The following spreadsheet shows the total number of detected keypoints on the preceding vehicle, on all ten images of the dataset, along with a note on the distribution of their neighborhood size, for all combinations of detectors (rows) and descriptors (columns) implemented:
OpenCV library was compiled without CUDA support. Used matcher MAT_FLANN, match descriptor DES_BINARY, and selector SEL_NN for all runs.
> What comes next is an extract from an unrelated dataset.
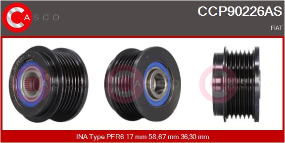 CASCO Riemenscheibe, Generator CCP90226AS Universal 58,67mm für FIAT IKA 77364082 353840 3.5384.1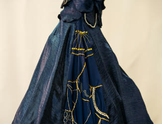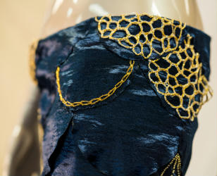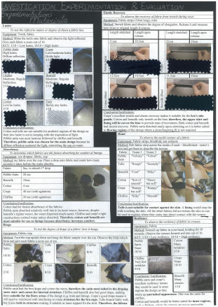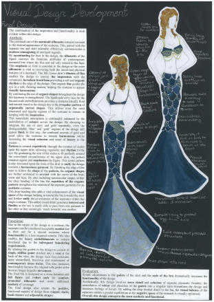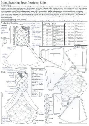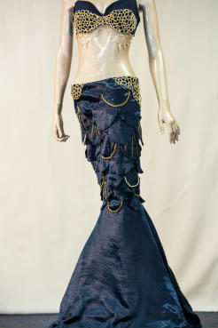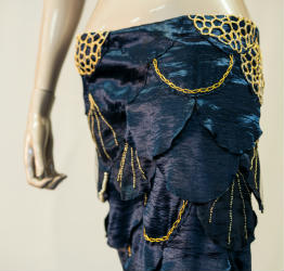 "My Major Textiles Project is constructed as separates: a mermaid style skirt and bra. This striking silhouette conveys my inspiration as the dramatic flare of the skirt contrasts the slim bodice to emphasise the shape of a mermaid tail. The bra is designed as a cross between a full figure and t-shirt style for comfort, promoted silhouette and additional modesty coverage. The costume includes functional aspects such a zipper, darts, back bra closure, adjustable straps, underwire and a boned hemline. All patterns were self-drafted without assistance. The bra was drafted through direct measurements and templating and the skirt through direct measurements. I was inspired by cultural aspects of mermaid lore from many nations. I utilised legends of sinister natures to inspire my choice of dark colours. The gold embellishments were chosen to reflect the sun on the water at dusk. The interplay of yellow and blue was also inspired by the captivating use of these complementary colours in Vincent van Goghs historic paintings Starry, Starry Night and Café Terrace on the Place du Forum. Historically, mermaids have appeared in many other artworks, represented in artworks by John William Waterhouse and Ferdinand Leeke. I combined the elements of these traditional representations with contemporary adaptations such as Disneys Little Mermaid. Contemporary designers including Alexander McQueen, Jean Paul Gaultier and Romance was Born inspired the silhouette of the design as well as a range of the techniques employed for an aesthetic garment. The upper half of the skirt features 54 pebble satin scales which are embellished using a range of beaded and lace overlays. The skirt has tulle support and a boned hemline to promote silhouette. The horsehair braid hemline was chosen to provide an organic shape to the skirt. The skirt also features a chiffon train, tambour embroidered with golden threads and beads. This fish scale pattern is mirrored in the drop beading feature of the bra to reflect the inspiration of nature. I incorporated innovative techniques of using a soldering iron to cut out the individual scales in order to heat seal the edges. I also constructed a gold lace by couching yarns onto solvy film to generate an innovative and customisable lace design to reflect the inspiration of bubble rings. Furthermore, the use of natural cabbage dying for the lining of the bra cups is an innovative and sustainable alternative to synthetic dyes as it reduces pollution to waterways."

BRISK | BRIEF | ORB | FREAK | AKASE | SIFT | |
---|---|---|---|---|---|---|
SHITOMASI | 13423 | 13423 | 13423 | 13423 | N/A | 13423 |
HARRIS | 1737 | 1737 | 1737 | 1737 | N/A | 1737 |
FAST | 17874 | 17874 | 17874 | 17874 | N/A | 17874 |
BRISK | 27116 | 27116 | 27116 | 27116 | N/A | 27116 |
ORB | 5000 | 5000 | 5000 | 5000 | N/A | 5000 |
AKAZE | 13429 | 13429 | 13429 | 13429 | 13429 | 13429 |
SIFT | 13860 | 13860 | N/A | 13860 | N/A | 13860 |
The following spreadsheet shows the total number of matched keypoints on the preceding vehicle, on all ten images of the dataset, for all combinations of detectors (rows) and descriptors (columns) implemented:
BRISK | BRIEF | ORB | FREAK | AKASE | SIFT | |
---|---|---|---|---|---|---|
SHITOMASI | 1067 | 1067 | 1067 | 1067 | N/A | 1067 |
HARRIS | 214 | 214 | 214 | 214 | N/A | 214 |
FAST | 1348 | 1348 | 1348 | 1348 | N/A | 1348 |
BRISK | 2508 | 2508 | 2508 | 2326 | N/A | 2508 |
ORB | 950 | 1033 | 1033 | 549 | N/A | 1033 |
AKAZE | 1491 | 1491 | 1491 | 1491 | 1491 | 1491 |
SIFT | 1249 | 1250 | N/A | 1240 | N/A | 1250 |
The following spreadsheet shows the keypoints detection total time, on all ten images of the dataset, for all combinations of detectors (rows) and descriptors (columns) implemented:
BRISK | BRIEF | ORB | FREAK | AKASE | SIFT | |
---|---|---|---|---|---|---|
SHITOMASI | 94.2 | 104 | 97.7 | 81.0 | N/A | 99.7 |
HARRIS | 95.5 | 98.1 | 109.9 | 92.4 | N/A | 107.6 |
FAST | 7.9 | 7.9 | 7.7 | 7.6 | N/A | 8.0 |
BRISK | 300.2 | 302 | 298.4 | 300.3 | N/A | 300.4 |
ORB | 146.5 | 149.1 | 154.4 | 146.5 | N/A | 159.3 |
AKAZE | 356.4 | 400.3 | 380.2 | 347.2 | 436.9 | 403.3 |
SIFT | 520.5 | 546.5 | N/A | 538.7 | N/A | 413.1 |
The following spreadsheet shows the descriptor extraction total time, on all ten images of the dataset, for all combinations of detectors (rows) and descriptors (columns) implemented:
BRISK | BRIEF | ORB | FREAK | AKASE | SIFT | |
---|---|---|---|---|---|---|
SHITOMASI | 12.4 | 7.5 | 6.6 | 197.4 | N/A | 96.4 |
HARRIS | 4.2 | 1.9 | 6.5 | 196.4 | N/A | 88.61 |
FAST | 14.3 | 7.7 | 8.4 | 205.8 | N/A | 101.8 |
BRISK | 23.1 | 5.7 | 34.3 | 205.0 | N/A | 138.0 |
ORB | 11.1 | 3.4 | 35.2 | 201.6 | N/A | 169.10 |
AKAZE | 13.8 | 5.8 | 24.2 | 216.7 | 345.4 | 112.4 |
SIFT | 11.6 | 6.4 | N/A | 203.1 | N/A | 370.5 |
Based on the data above, the top three detector/descriptor combinations recommended as the best choices for the purpose of detecting keypoints on vehicles are:
I also reduced the ROI window and tried a few more runs with the different matchers and selectors, but overall the above recommendations seemed to still hold. If given more time I would compile OpenCV with CUDA support but I have already spent a large amount of time on this project as is. I believe this work covers all points of the rubric appropriately.